→ **Directions for this task**
Print the entries in full, word for word, but not the pictures.

→ **Information provided**
-----

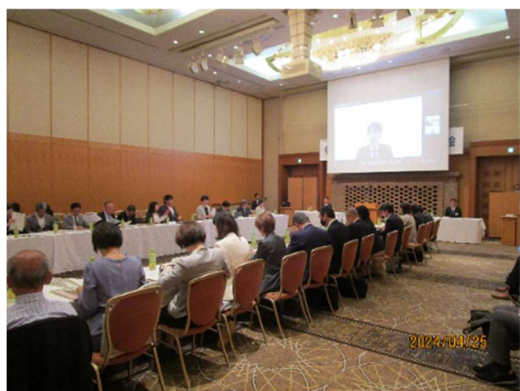
令和 6 年 4 月 25 日 1 都 9 県教育委員会全委員協議会（全体会）
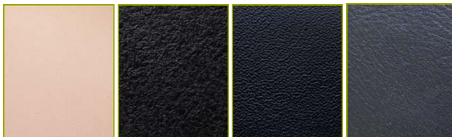
Bio-palmilha de cor rosa bebé
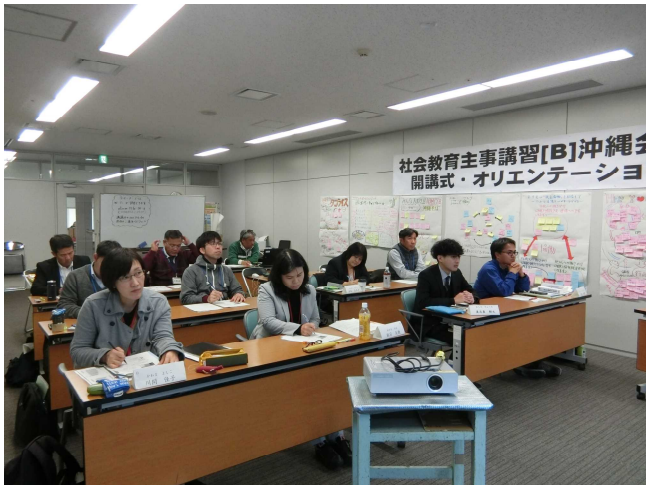
開講式・オリエンテーション
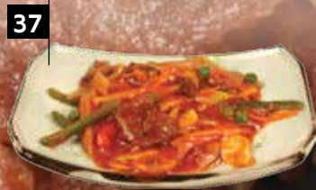
OSSENHAAS IN CHINESE STIJL
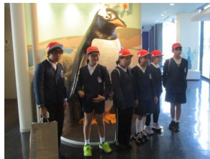
ペンギン館を見学します
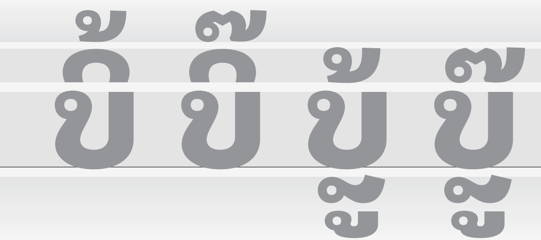
UI Fonts for limited vertical sapce
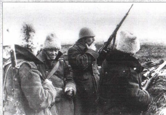
Ostași în tranșee la Cotul Donului, octombrie 1942
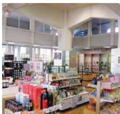
「県産品総合展示販売場」「鹿児島ブランドショップ」(県産業会館1階)
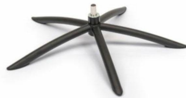
TSS2 Tube Space Metall Schwarz (Gaslift-Höhenverstellungs-Option nicht möglich)
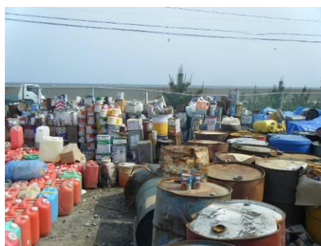
分別保管された塗料類(東松島市)
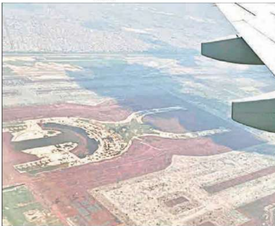
Los créditos solicitados por el gobierno para el NAIM sumaban 6 mil millones de dólares en bonos en 2018.

forma anticipada, además de responder por las compensaciones generadas de los procesos legales. Por él pasaron 132 mil 660 millones de pesos provenientes de la deuda contratada a través del 80460 y 33 mil 113 millones de pesos de fuentes fiscales.
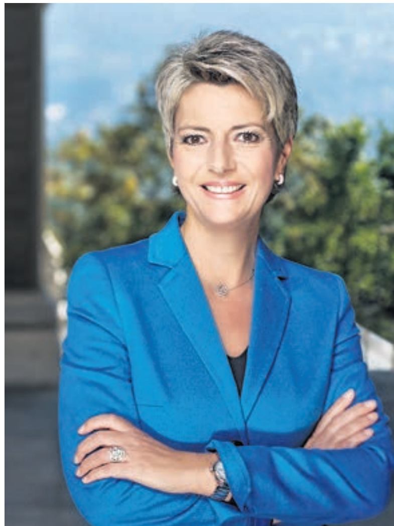
«Die Welt ist im Wandel – unsere Neutralitätspolitik wandelt sich mit ihr.»

Vor dem Hintergrund dieser Entwicklungen habe ich eine Interpellation
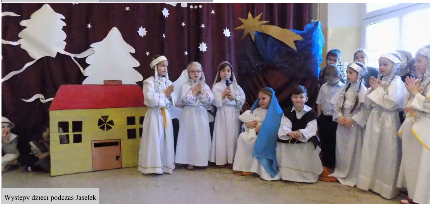
Występy dzieci podczas Jasełek
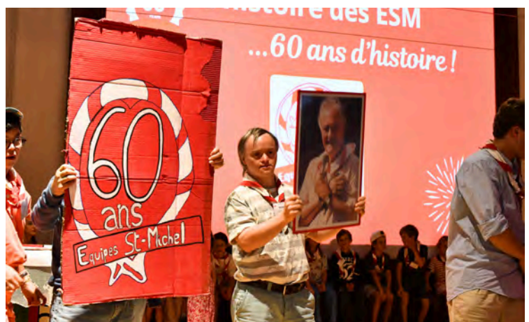
Le 60e anniversaire des Équipes au Café-Bar
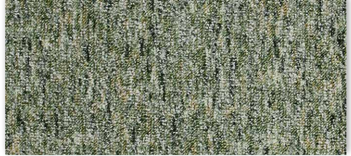
29 2m + 3m + 4m + 5m
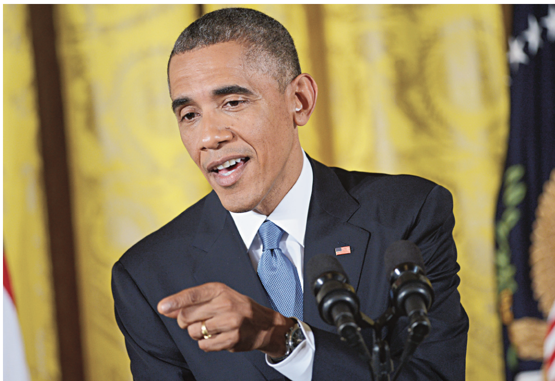
Barack Obama a commenté mercredi les résultats de l'élection de la veille.
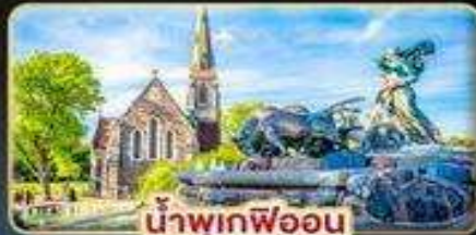
น้ำพุเกฟออน
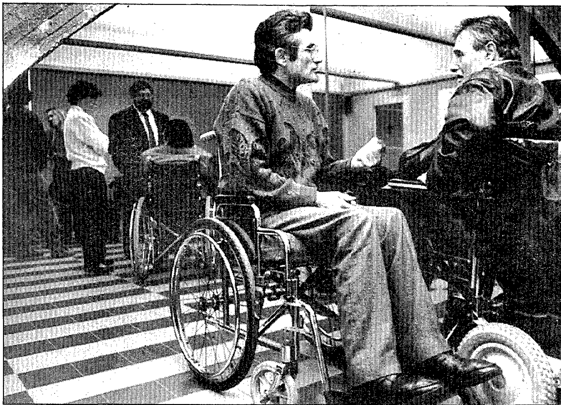
Acció Directa recull divers material ortopèdic per prestar.

El material que accepta l'associació és de tot tipus: cadira de rodes, croses, caminadors, llits hospitalaris. «Des del setembre intentem fer de pont entre aquells que, per circumstàncies de la vida, necessiten aquest tipus d'aparell temporalment. I si per desgràcia hi ha una persona que ha de necessitar per sempre una cadira de
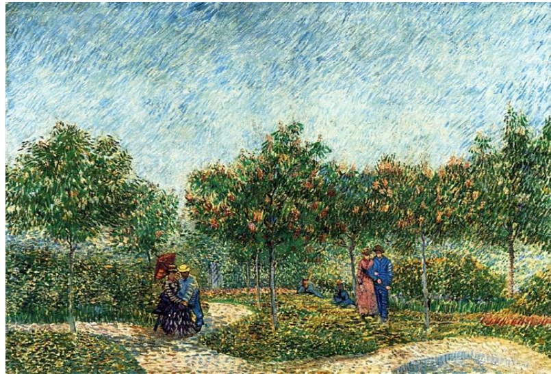
Slika 2. „Park u Asnieresu“ (Vincent van Gogh, 1887.)

https://www.wikiart.org/en/vincent-van-gogh/the-voyer-d-argenson-park-in-asnieres-1887 (preuzeto 21. 5. 2024.)
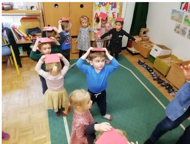
Slika 23. Hodanje po elipsi
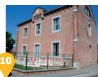
10 L'ancien presbytère
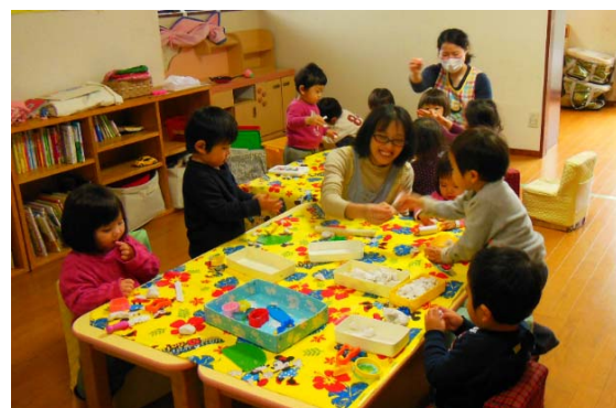
【乳幼児一時預かり事業】 （青葉区・子どもミニデイサービス まーぶる）
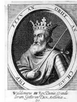
Valdemar Atterdag 1320-1375

Denne Flåde erobrede nogle år senere Gotland, hvorfor den svenske konge Magnus Eriksson måtte anmode Hansaen [2] om hjælp mod danskerne.
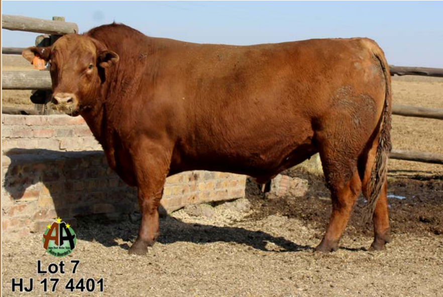
Lot 7 HJ 17 4401
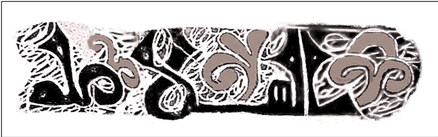
FIGURA 2. JARRITA DE LA NUEVA CASA ABADÍA. FRANJA EPIGRÁFICA EXTERIOR CON AL-SALĀMA . Dibujo: Carmen Barceló

La franja epigráfica exterior se sitúa en una banda que corre alrededor de la boca de la vasija; las letras son negras y dicen dos veces al-salāma 'el bienestar' (Figura 2). El estilo de letra cúfica corresponde a un tipo que empieza a verse a mediados del siglo XII bajo dominio almohade; presenta sus rasgos característicos: en los ápices de la parte superior de las letras altas, del nexa lām-alif y de la tā' marbūta hay un engrosamiento triangular, con el centro hueco. Entre el final de la palabra repetida y el principio de la otra tiene los adornos vegetales particulares de este periodo. El mismo término árabe, con una epigrafía cúfica coetánea, se ve en la jarrita con dos asas, pintada y esgrafiada, que apareció en las excavaciones de l'Almoina de Valencia, donde estuvo ubicado el alcázar de los gobernadores (SIAM 1/713) 30 . La misma palabra al-salāma , pero en grafía cursiva, se ve en un fragmento de panza de jarrita hallado en la ciudad de Murcia 31 .
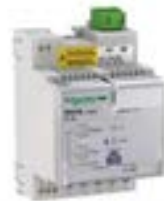
Rele de Protección
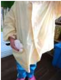
午前中はスモックのポケットにハンカチを入れます。

この1年を通して友達との関わりから相手の思いを知ったり自分の思いを言葉で伝えたりする人間関係。基本的な身支度、身の回りの管理等を繰り返し確認していきながら自分でやっていく姿等…。いろいろなことに挑戦し楽しみながら身につけていくよう丁寧に関わっていきたいと思います。よろしくお願ひ致します!
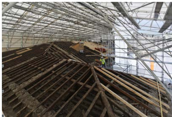
Phase détuilage

À LA RÉOUVERTURE DU MUSÉE DES TISSUS, L'HÔTEL DE LACROIX-LAVAL SERA LE SEUL HÔTEL PARTICULIER XVIII e COMPLET DE LYON OUVERT AU PUBLIC.
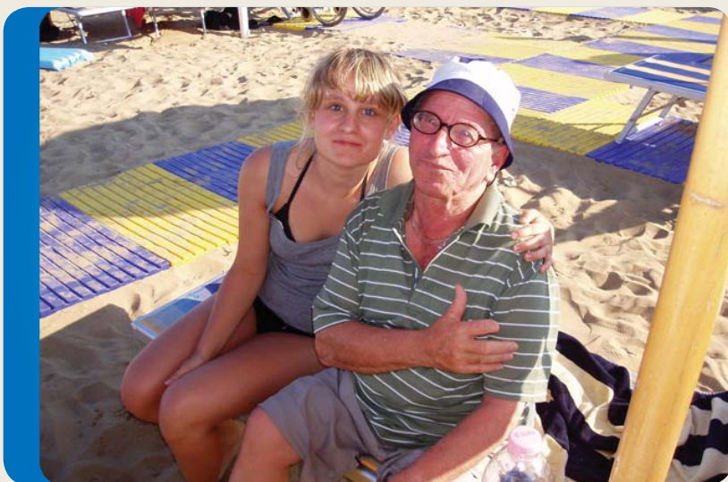
In vacanza insieme
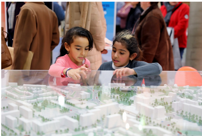
La maquette du quartier aujourd'hui

La chargée de projet rénovation urbaine de l'agglomération présente ensuite aux conseillers le programme des interventions de l'opération de renouvellement urbain étalées jusqu'en 2025. C'est sur la base de cette programmation que l'ensemble des partenaires et l'ANRU signeront la convention d'engagement en juillet 2019.
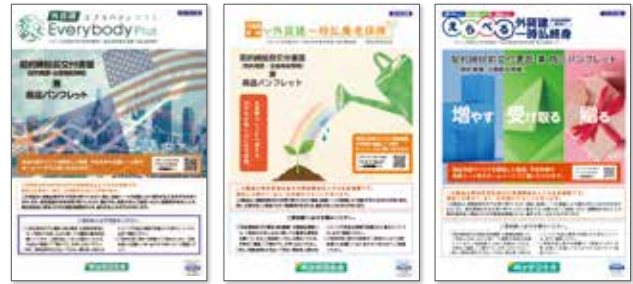
外貨建一時払終身保険「外貨建・エブリバディプラス」パンフレット 外貨建一時払養老保険「外貨建・一時払養老保険」パンフレット 外貨建一時払終身保険「えらべる外貨建一時払終身」パンフレット
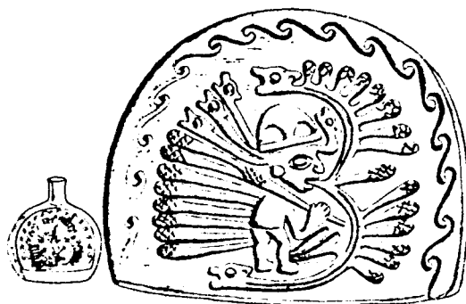
El ser sideral con rayos transformados en choclos.

Reproducciones de vasos antiguos y notas de Rebeca Carrión Cachot. (1959).
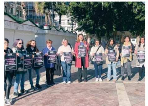
El Movimiento Feminista anuncia la manifestación del lunes. VH

denuncias son reales" y que hay "discursos tan peligrosos que sufrimos por parte de ciertos partidos políticos, que al final hacen que la sociedad crea de verdad que hay denuncias falsas", pero que estas "solo suponen un 0,01%", toda vez que han señalado que "por culpa de esos hombres que matan a mujeres hay más de
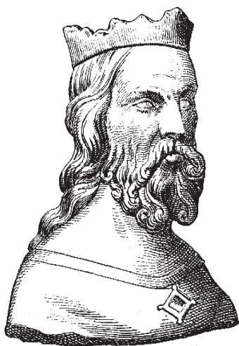
Ян Люксембургский, король Чехии (1310–1346). Бюст XIV в. Трифорий Пражского собора.

папой. Не могло быть и речи о завоевательном походе на Неаполь, задуманном Людовиком в союзе с сицилийским королем Федерико. В декабре 1329 г. император вернулся в Германию, не успев нигде основать ничего прочного, в то время как антипапа смиренно заявил в Авиньоне о своем отречении, а в следующем 1330 году после публичного покаяния в своей вине с выражением всяческого раскаяния снова был принят в церковное лоно. Однако императорский титул — единственная добыча, привезенная из итальянского похода, — был все же немаловажен, а смерть Фридриха, последовавшая в том же году,
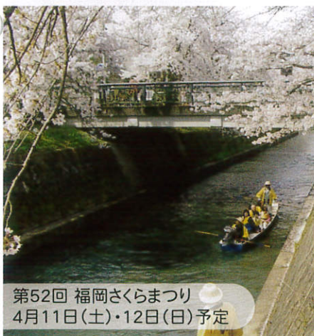
第52回 福岡さくらまつり 4月11日(土)・12日(日) 予定
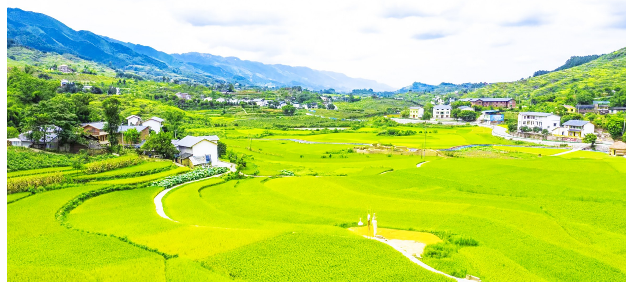
“中国美丽休闲乡村”柳荫镇东升村(资料图)
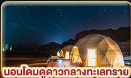
นอนโดมคูดาวกลางทะเลทราย

บินตรงสู่ “จอร์แดน” เยือน 7 มหัศจรรย์ของโลก

-----

→ **Written reply**
令和 6 年 4 月 25 日 1 都 9 県教育委員会全委員協議会（全体会）
Bio-palmilha de cor rosa bebé
開講式・オリエンテーション
OSSENHAAS IN CHINESE STIJL
ペンギン館を見学します
UI Fonts for limited vertical sapce
Ostași în tranșee la Cotul Donului, octombrie 1942
「県産品総合展示販売場」「鹿児島ブランドショップ」(県産業会館1階)
TSS2 Tube Space Metall Schwarz (Gaslift-Höhenverstellungs-Option nicht möglich)
分別保管された塗料類(東松島市)
Los créditos solicitados por el gobierno para el NAIM sumaban 6 mil millones de dólares en bonos en 2018.

forma anticipada, además de responder por las compensaciones generadas de los procesos legales. Por él pasaron 132 mil 660 millones de pesos provenientes de la deuda contratada a través del 80460 y 33 mil 113 millones de pesos de fuentes fiscales.
«Die Welt ist im Wandel – unsere Neutralitätspolitik wandelt sich mit ihr.»

Vor dem Hintergrund dieser Entwicklungen habe ich eine Interpellation
Występy dzieci podczas Jasełek
Le 60e anniversaire des Équipes au Café-Bar
29 2m + 3m + 4m + 5m
Barack Obama a commenté mercredi les résultats de l'élection de la veille.
น้ำพุเกฟออน
Acció Directa recull divers material ortopèdic per prestar.

El material que accepta l'associació és de tot tipus: cadira de rodes, croses, caminadors, llits hospitalaris. «Des del setembre intentem fer de pont entre aquells que, per circumstàncies de la vida, necessiten aquest tipus d'aparell temporalment. I si per desgràcia hi ha una persona que ha de necessitar per sempre una cadira de
Slika 2. „Park u Asnieresu“ (Vincent van Gogh, 1887.)

https://www.wikiart.org/en/vincent-van-gogh/the-voyer-d-argenson-park-in-asnieres-1887 (preuzeto 21. 5. 2024.)
Slika 23. Hodanje po elipsi
10 L'ancien presbytère
【乳幼児一時預かり事業】 （青葉区・子どもミニデイサービス まーぶる）
Valdemar Atterdag 1320-1375

Denne Flåde erobrede nogle år senere Gotland, hvorfor den svenske konge Magnus Eriksson måtte anmode Hansaen [2] om hjælp mod danskerne.
Lot 7 HJ 17 4401
FIGURA 2. JARRITA DE LA NUEVA CASA ABADÍA. FRANJA EPIGRÁFICA EXTERIOR CON AL-SALĀMA . Dibujo: Carmen Barceló

La franja epigráfica exterior se sitúa en una banda que corre alrededor de la boca de la vasija; las letras son negras y dicen dos veces al-salāma 'el bienestar' (Figura 2). El estilo de letra cúfica corresponde a un tipo que empieza a verse a mediados del siglo XII bajo dominio almohade; presenta sus rasgos característicos: en los ápices de la parte superior de las letras altas, del nexa lām-alif y de la tā' marbūta hay un engrosamiento triangular, con el centro hueco. Entre el final de la palabra repetida y el principio de la otra tiene los adornos vegetales particulares de este periodo. El mismo término árabe, con una epigrafía cúfica coetánea, se ve en la jarrita con dos asas, pintada y esgrafiada, que apareció en las excavaciones de l'Almoina de Valencia, donde estuvo ubicado el alcázar de los gobernadores (SIAM 1/713) 30 . La misma palabra al-salāma , pero en grafía cursiva, se ve en un fragmento de panza de jarrita hallado en la ciudad de Murcia 31 .
Rele de Protección
午前中はスモックのポケットにハンカチを入れます。

この1年を通して友達との関わりから相手の思いを知ったり自分の思いを言葉で伝えたりする人間関係。基本的な身支度、身の回りの管理等を繰り返し確認していきながら自分でやっていく姿等…。いろいろなことに挑戦し楽しみながら身につけていくよう丁寧に関わっていきたいと思います。よろしくお願ひ致します!
Phase détuilage

À LA RÉOUVERTURE DU MUSÉE DES TISSUS, L'HÔTEL DE LACROIX-LAVAL SERA LE SEUL HÔTEL PARTICULIER XVIII e COMPLET DE LYON OUVERT AU PUBLIC.
In vacanza insieme
La maquette du quartier aujourd'hui

La chargée de projet rénovation urbaine de l'agglomération présente ensuite aux conseillers le programme des interventions de l'opération de renouvellement urbain étalées jusqu'en 2025. C'est sur la base de cette programmation que l'ensemble des partenaires et l'ANRU signeront la convention d'engagement en juillet 2019.
外貨建一時払終身保険「外貨建・エブリバディプラス」パンフレット 外貨建一時払養老保険「外貨建・一時払養老保険」パンフレット 外貨建一時払終身保険「えらべる外貨建一時払終身」パンフレット
El ser sideral con rayos transformados en choclos.

Reproducciones de vasos antiguos y notas de Rebeca Carrión Cachot. (1959).
El Movimiento Feminista anuncia la manifestación del lunes. VH

denuncias son reales" y que hay "discursos tan peligrosos que sufrimos por parte de ciertos partidos políticos, que al final hacen que la sociedad crea de verdad que hay denuncias falsas", pero que estas "solo suponen un 0,01%", toda vez que han señalado que "por culpa de esos hombres que matan a mujeres hay más de
Ян Люксембургский, король Чехии (1310–1346). Бюст XIV в. Трифорий Пражского собора.

папой. Не могло быть и речи о завоевательном походе на Неаполь, задуманном Людовиком в союзе с сицилийским королем Федерико. В декабре 1329 г. император вернулся в Германию, не успев нигде основать ничего прочного, в то время как антипапа смиренно заявил в Авиньоне о своем отречении, а в следующем 1330 году после публичного покаяния в своей вине с выражением всяческого раскаяния снова был принят в церковное лоно. Однако императорский титул — единственная добыча, привезенная из итальянского похода, — был все же немаловажен, а смерть Фридриха, последовавшая в том же году,
第52回 福岡さくらまつり 4月11日(土)・12日(日) 予定
“中国美丽休闲乡村”柳荫镇东升村(资料图)
นอนโดมคูดาวกลางทะเลทราย

บินตรงสู่ “จอร์แดน” เยือน 7 มหัศจรรย์ของโลก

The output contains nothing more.